Todo escritor, como Raskólnikov, destruye su clandestinidad afirmando: yo soy el
culpable, pero no ante un otro particular, si no ante el “Otro”, destinatario final de la
escritura y de la transgresión. Se superan en la escritura las pequeñas culpas que
nos encadenan a pequeños otros. El escritor dice: “he nacido y aquí estoy,
juzgadme sin prevención, como Porfirio Petrovich, no me acuséis así como Sonia
no me acusa, miradme como ella, reconociéndome de inmediato en mi diferencia”.
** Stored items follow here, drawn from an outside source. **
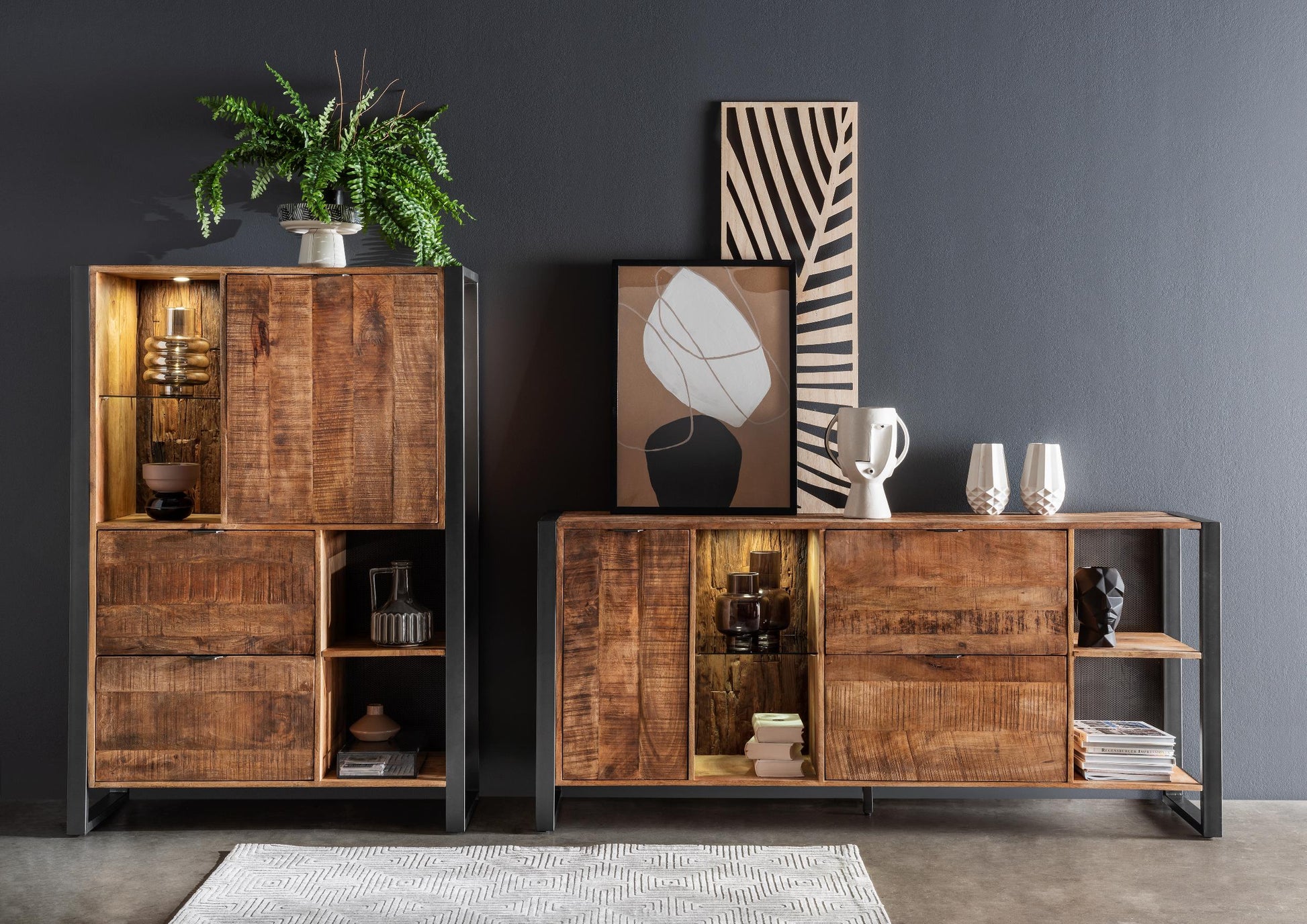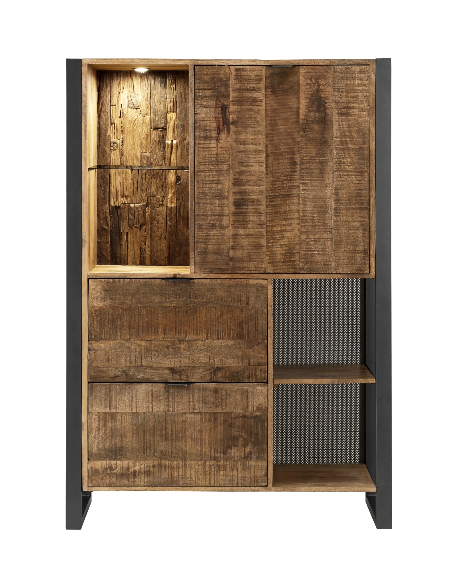Dekor aus massivem recyceltem Mangoholz, Eisen-Lochblech-Rückwand, Metallrahmen anthrazit, inkl. Beleuchtung. Lieferzeit ca. 5-8 Wochen.
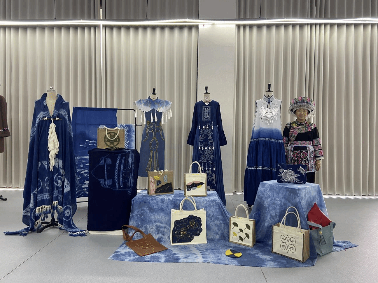 苗族传统技艺蜡染设计作品。苗族传统技艺蜡染设计作品在服装设计上,运用苗族传统技艺蜡染表现苗族迎客习俗,布料采用板蓝植物染料,结合现代时尚设计手法,使服装更具文化气息,彰显非遗魅力。
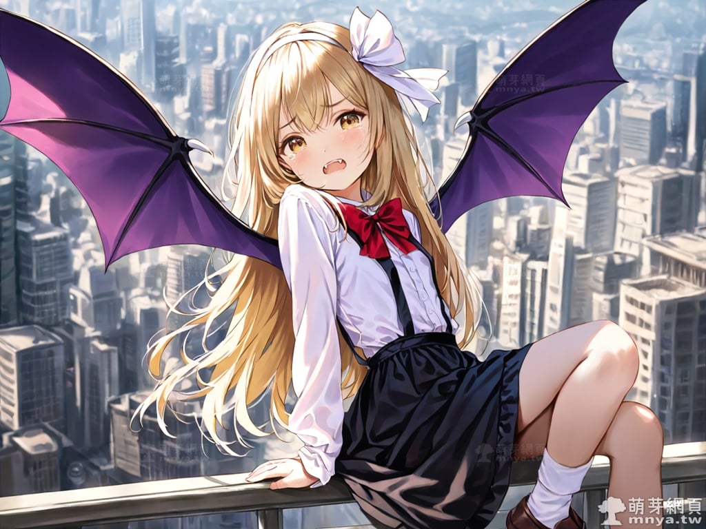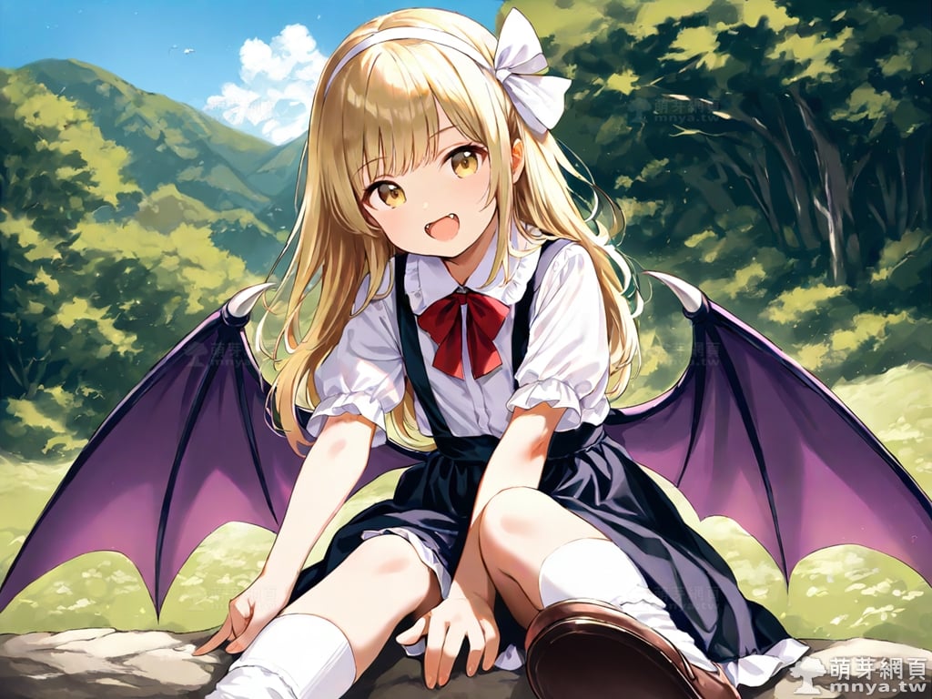 提詞文字:(masterpiece), (high quality), (high score), (great score), (year 2020), (kawaii), (loli), (photorealistic:0.1), 1girl, solo, (kurumi \(touhou\)), touhou, __posture__, long hair, blonde hair, hair ribbon, white ribbon, ribbon, hairband, yellow eyes, vampire, red bowtie, bowtie, red bow, bow, bat wings, black skirt, brown shoes, fangs, shirt, shoes, skirt, socks, white ribbon, white shirt, white socks, purple wings, wings, suspender skirt, suspenders, small breasts, breasts, cowboy shot, __looking__, __expression__, __background__.

El escritor deja de ser cómplice de sí mismo, como Raskólnikov ante Sonia, sale
de la ocultación, de la mentira y de la transparencia, se vuelve opacidad
visualizable e interpretable. Hace algo más que confesar, su vida se vuelve verdad
en el texto.
Si Raskólnikov hubiera seguido escribiendo no habría realizado en medio del
delirio alucinatorio el asesinato premeditado de la “mala madre”, y el
impremeditado, pero lógicamente necesario de la “buena madre-hermana”. Al
abandonar la escritura y cambiarla por imaginerías, al abandonar la discusión
filosófica de los fines por la búsqueda de los medios más eficaces o más garantes
de impunidad, Raskólnikov, no se deja arrastrar por su tiempo (empiristacapitalista) sino que instala él mismo a la madre en su vida, en la complicidad y la
protección necesaria para siempre.
Toda complicidad con nosotros mismos es un revivir constante de la pareja
madre–hijo como dominante de nuestro psiquismo; lo que pretendíamos eliminar
de nuestra vida con la clandestinidad, física y verbal, se reinstala en nuestra
mente y se apodera de nuestra ideología; dicha complicidad necesita siempre
apoyos, falsos testigos que nos confirmen verdaderas madres por todas partes,
protecciones que se vuelven asfixiantes y por consiguiente, nuevos crímenes y
clandestinidades más subterráneas que nos defienden de aliados demasiado
peligrosos.
De todas maneras la muerte nos descubre, demostrando que de aquello que
realmente queríamos escapar no naciendo, es inevitable; es mejor nacer y morir,
que morir sin haber nacido, como si fuéramos una partícula de eternidad.